===== Task data =====

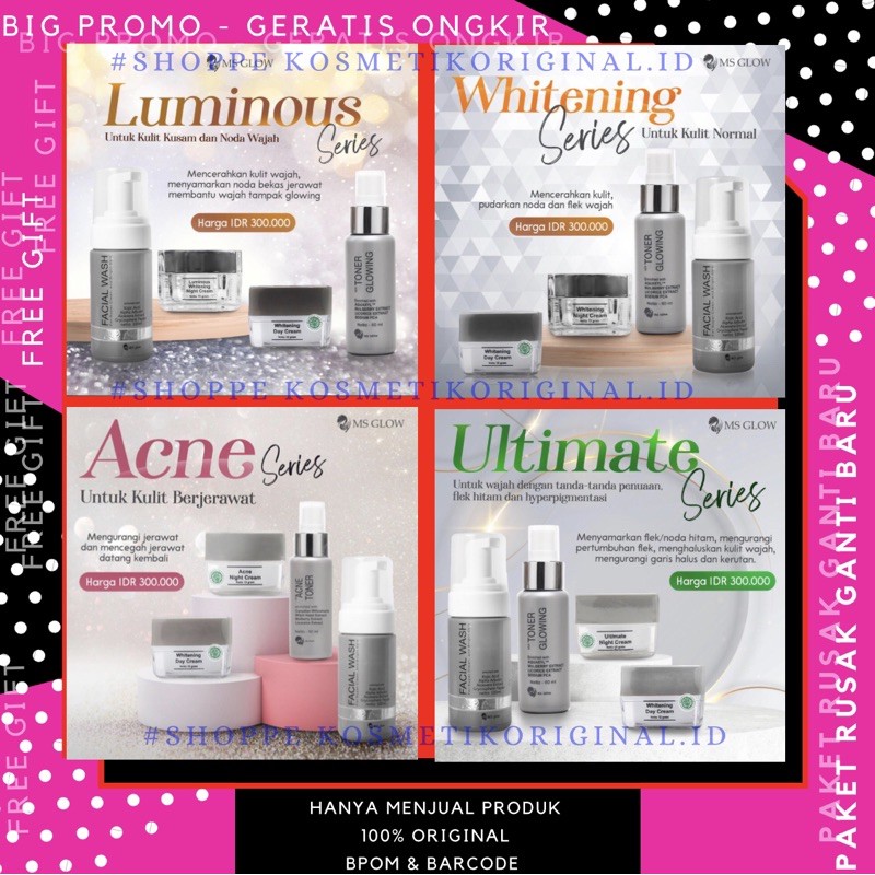 MS PAKET WHITENING, MS PAKET LUMINOUS, PAKET DNA, MS PAKET ACNE, MS PAKET ULTIMATE, PKT LUMI & PRODAY, PAKET WHITE & PRODAY, PAKET ULTIM & PRODAY, PKT ACNE & PRODAY, MS FACIAL WASH, LUMINOUS NIGHT CREAM, WHITENING NIGHTCREAM, ULTIMATE NIGHT CREAM, DNA NIGHT, ACNE NIGHT CREAM, Proday, MS GLOW DAY CREAM, RED JELLY MS GLOW, DTE MS GLOW, SERUM LUMINOUS, SERUM GOLD, SERUM ACNE, SERUM LIFTING, SERUM DNA, SERUM PEELING, JJ GLOW MS GLOW, TONER GLOWING, TONER ACNE, RADIANCE GOLD, MOIZ YUZU, MOIZ CACTUS, MOIS WATERMELON, DTE SALMON, Random gift, SUNWHITE, JJ GLOW, UNDER ARM, Spot treatmentrandom
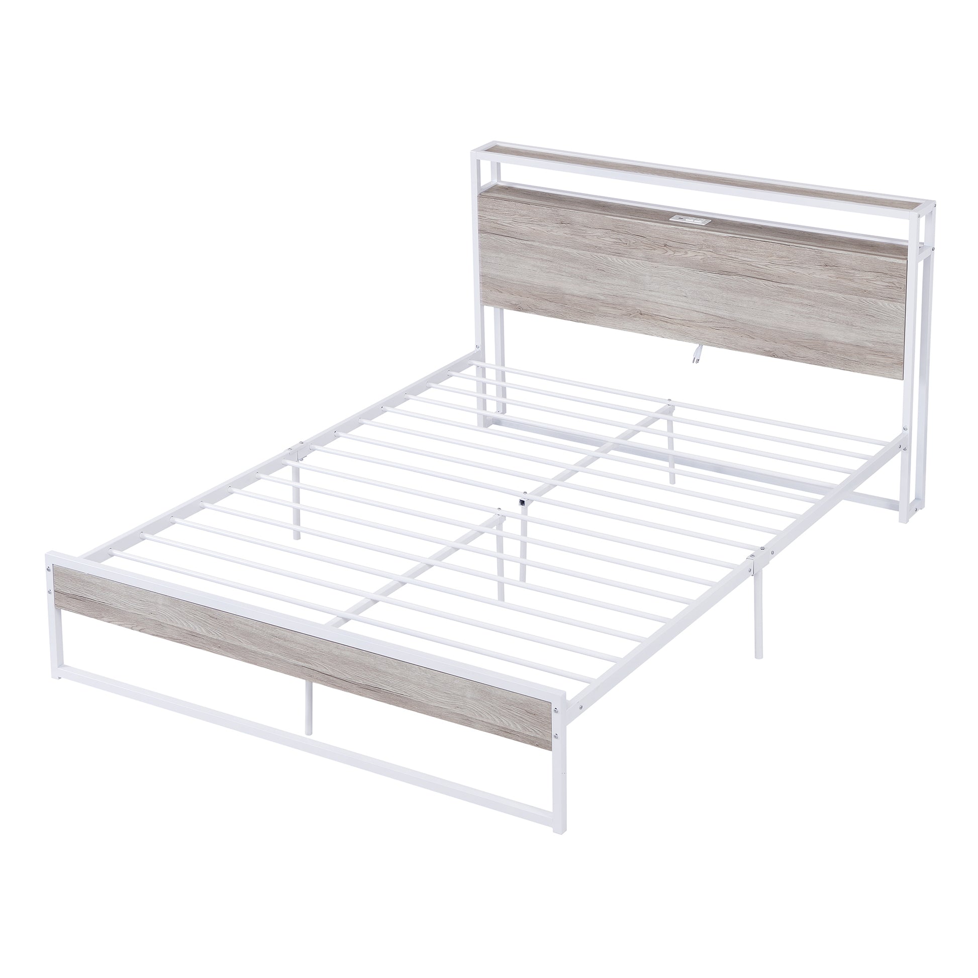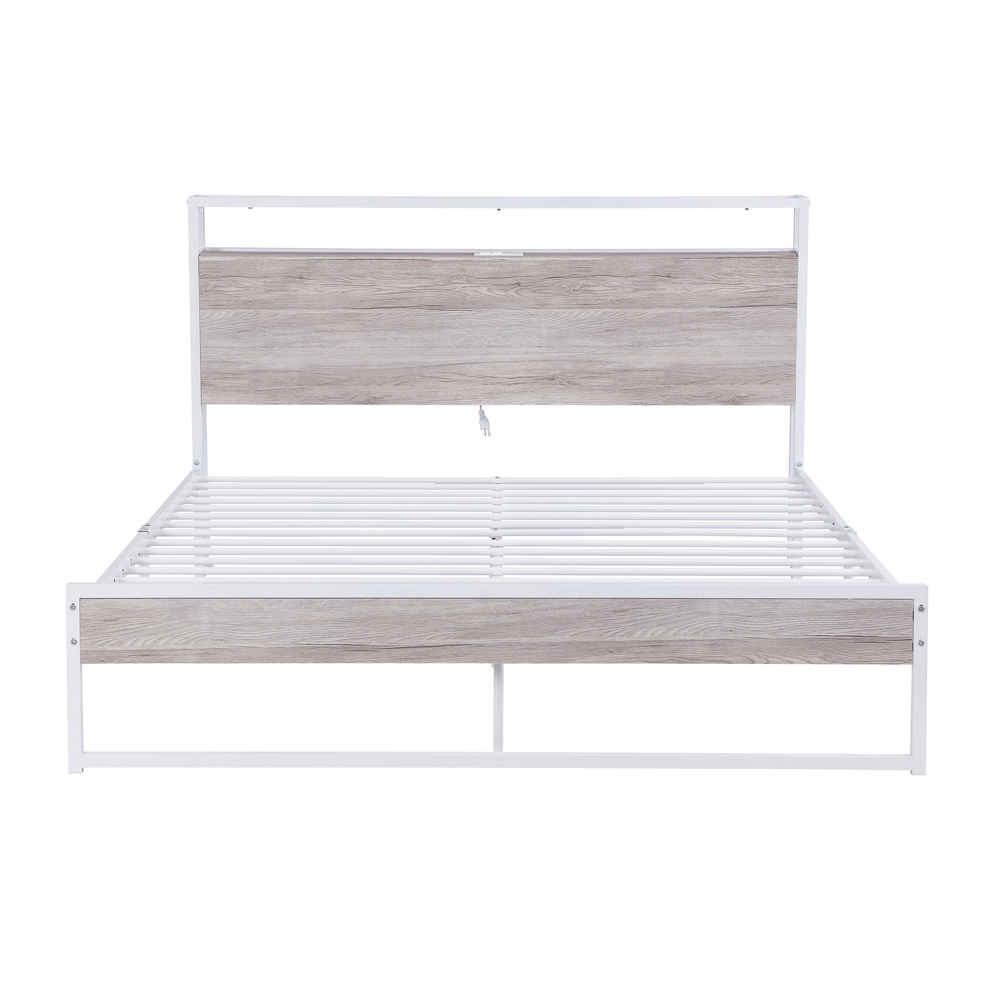 Queen Size Metal Platform Bed Frame with Sockets, USB Ports and Slat Support ,No Box Spring Needed White
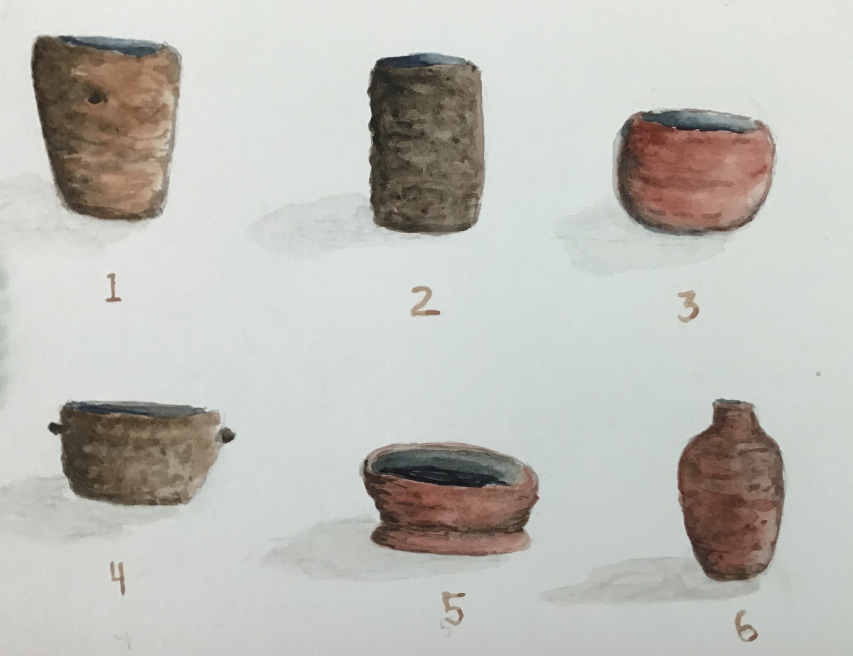 All the vessels had wipe marks on the interior, as expected since the coiling method used by the Yokuts consisted of scraping or wiping the vessels to join the coils. All vessels were made from residual clays which were a red color when fired.
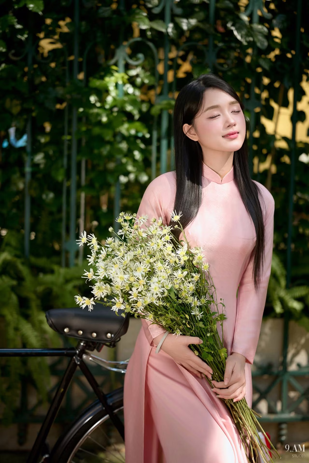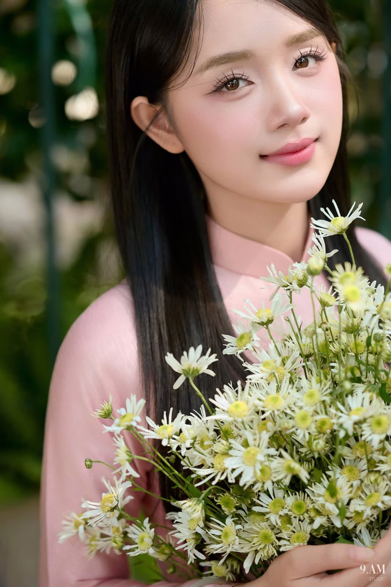 This beautiful photograph captures a Vietnamese lady with a serene and graceful beauty. Dressed in a traditional light pink Ao Dai her elegant figure is highlighted. Her gentle smile and clear eyes convey a demure charm characteristic of Vietnamese women. She holds a delicate bouquet of pure white flowers symbolizing purity and natural beauty. This image not only records a peaceful moment but also celebrates the rich cultural identity of Vietnam through its iconic Ao Dai. It is a harmonious blend of human beauty and traditional attire creating a captivating and emotional portrait. The lush green background further enhances her elegant presence. #Vietnamese #pretty #charmVGU No.18: Captivating Elegance A Young Woman in Pink Ao Dai
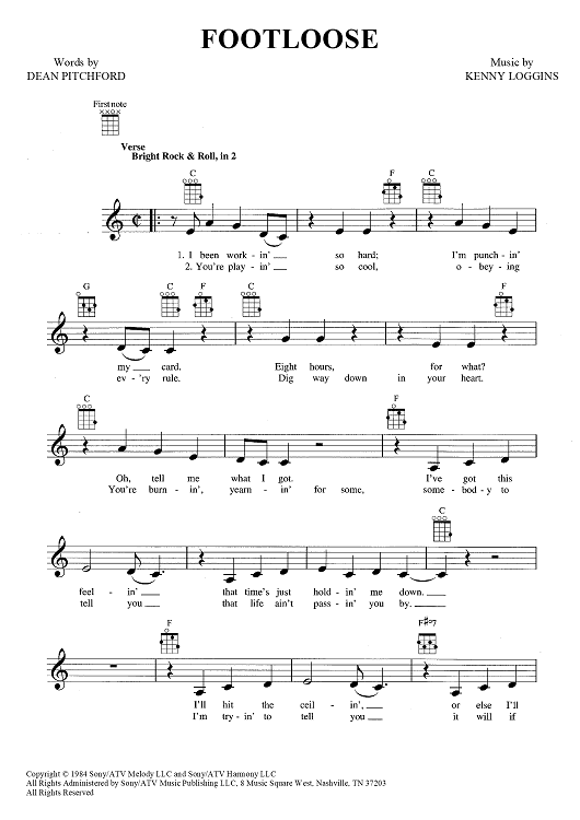 Digital Sheet Music for Footloose by Dean Pitchford, Kenny Loggins scored for Ukulele/Vocal; id:463709
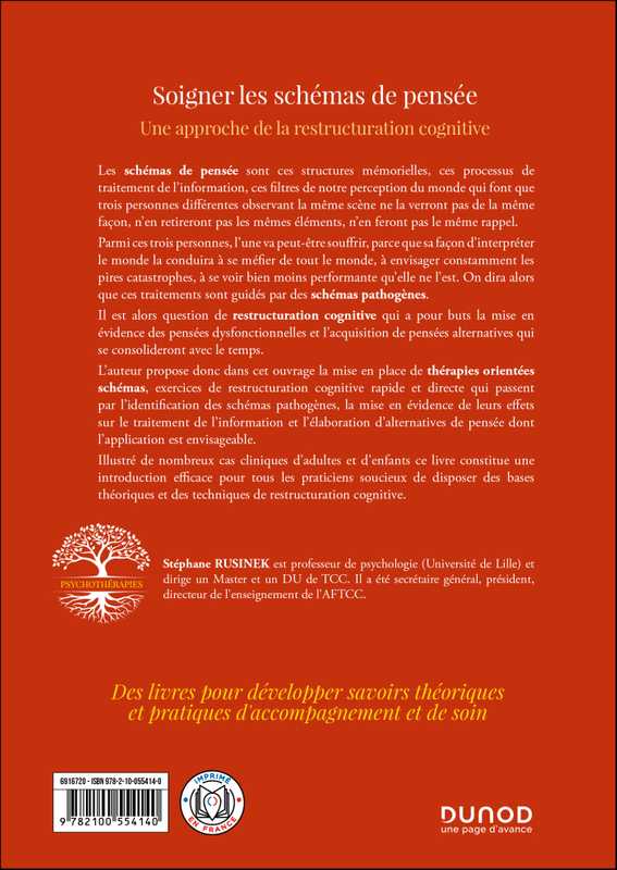 Les schémas de pensée désignent, dans les thérapies comportementales et cognitives, les processus cognitifs qui «filtrent» notre perception de la réalité et de notre vie. Comment identifier et « reconstruire » ces schémas défaillants chez les personnes notamment dépressives... c'est l'objet de ce livre qui s'appuie sur de nombreux exemples cliniques et détaille outils et techniques.
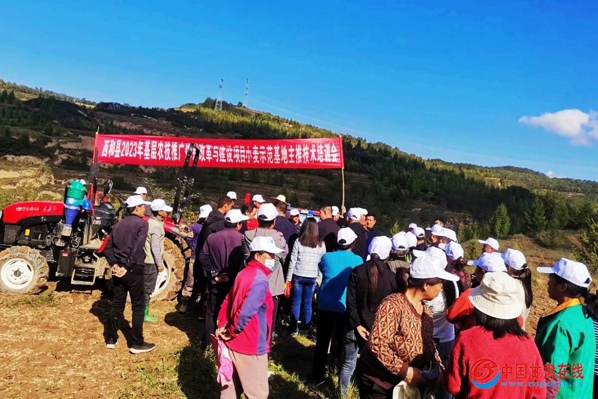 中国甘肃在线西和讯(通讯员 巩凡)为抢抓农时,西和县全面落实好23.9万亩小麦秋播任务,加快2023年基层农技推广体系改革与建设项目小麦产业年度主推技术落实落地。连日来,西和县农技、农机中心、种子管理站在兴隆镇牟山村开展小麦秋播主推技术培训和现场观摩会。
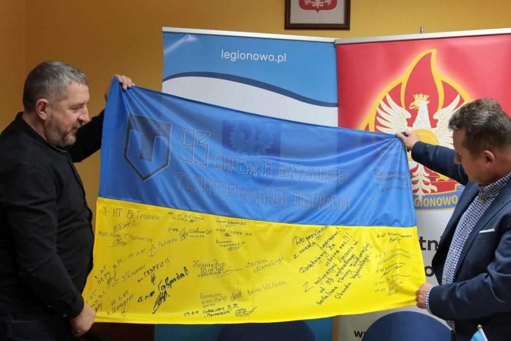 На знак вдячности голова Вижницької районної ради Михайло Андрюк передав полякам прапор України, який підписали та передали бійці 93 окремого батальйону територіальної оборони Вижницького району.
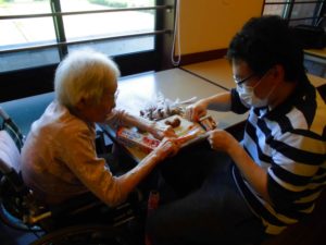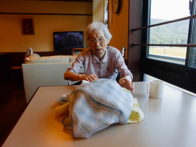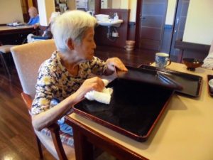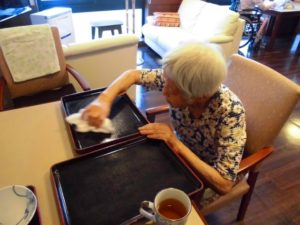お膳を拭いたり、洗濯物をたたんだり
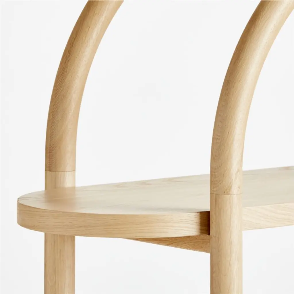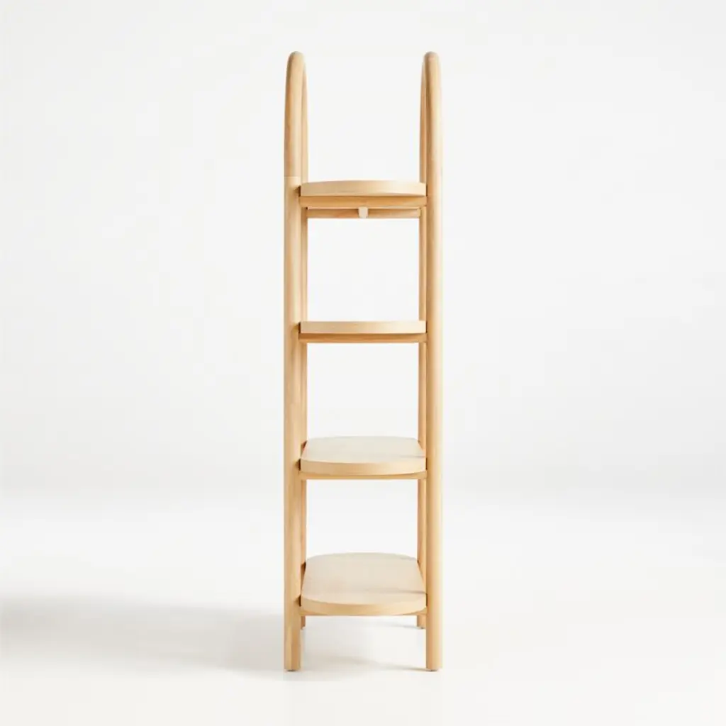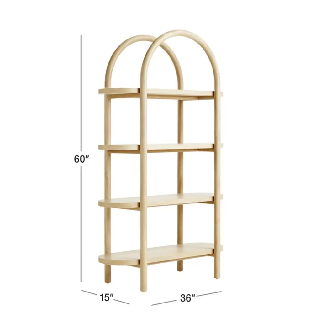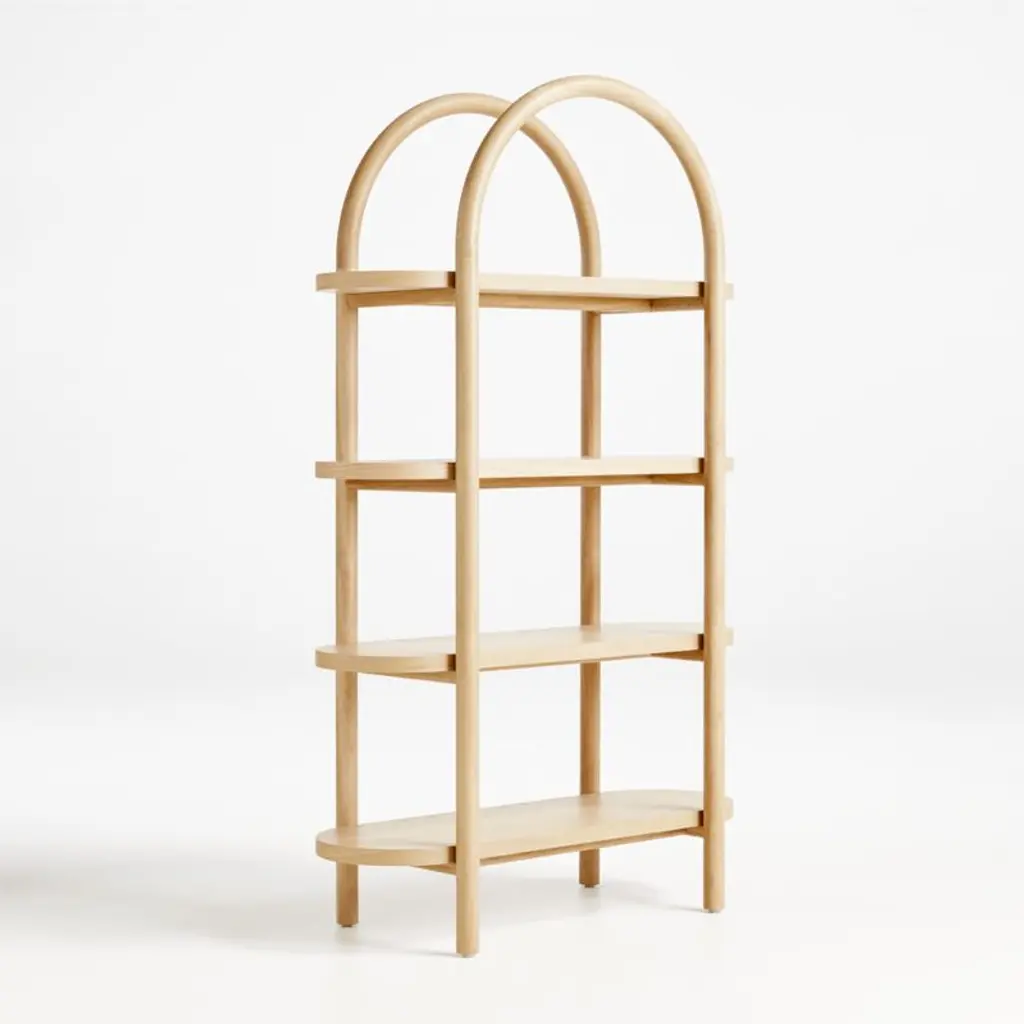 Striking a balance between playful and design-forward, this airy bookcase provides plenty of space for prized possessions and beloved books. Round solid white oak posts curve into soaring arches that support four pill-shaped shelves. Designed by Leanne Ford, our Canyon Natural Tall Bookcase adds storage space and cool factor to the nursery or kids' room.Star designer and mom Leanne Ford brought her cool, casual style to our new collection for kids (and parents) who love to create, play and make magic together.
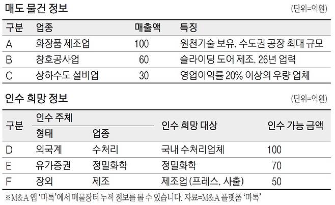 제조업체 F사는 프레스·사출 관련 업체, 대구·경북 지역 제조업체 인수를 타진하고 있다. 영업이익이 꾸준하며 자사 공장을 소유한 업체, 제품과 기술력은 좋으나 영업력이 약한 업체 등을 선호한다. 인수에 활용할 수 있는 최대 금액은 50억원이다.
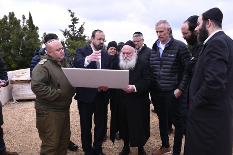 שר הבינוי והשיכון הרב יצחק גולדקנופף בסיור עבודה יחד עם ראש המועצה הרב יצחק רביץ לקראת הרחבת היישוב • ראש המועצה אמר בפתח הסיור כי היישוב סובל היום מצפיפות חריפה, והפתרון עבור התושבים הוא הרחבת היישוב
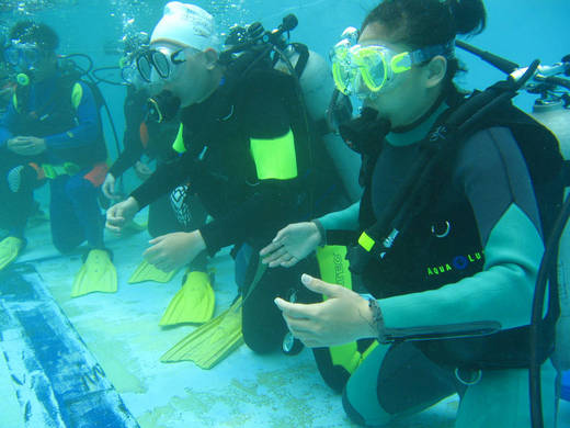 學術科海洋實習潛水教授技術進行練習與證照考試。
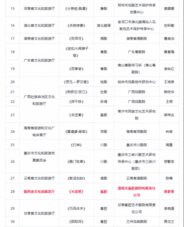 文化艺术网-文化艺术报讯(全媒体记者 高盼成)日前,由文旅部主办的首届全国戏曲新人新作展演作品遴选结果公示,由渭南市秦腔剧团有限责任公司黄梦春主演的秦腔剧目《火流星》入围。

=====

* _Task directions_:
Take the lines from the one holding "שר הבינוי והשיכון" through the final line of the records above and output them exactly, both ends included, excluding pictures.

* _Exercise output_:
 שר הבינוי והשיכון הרב יצחק גולדקנופף בסיור עבודה יחד עם ראש המועצה הרב יצחק רביץ לקראת הרחבת היישוב • ראש המועצה אמר בפתח הסיור כי היישוב סובל היום מצפיפות חריפה, והפתרון עבור התושבים הוא הרחבת היישוב
 學術科海洋實習潛水教授技術進行練習與證照考試。
 文化艺术网-文化艺术报讯(全媒体记者 高盼成)日前,由文旅部主办的首届全国戏曲新人新作展演作品遴选结果公示,由渭南市秦腔剧团有限责任公司黄梦春主演的秦腔剧目《火流星》入围。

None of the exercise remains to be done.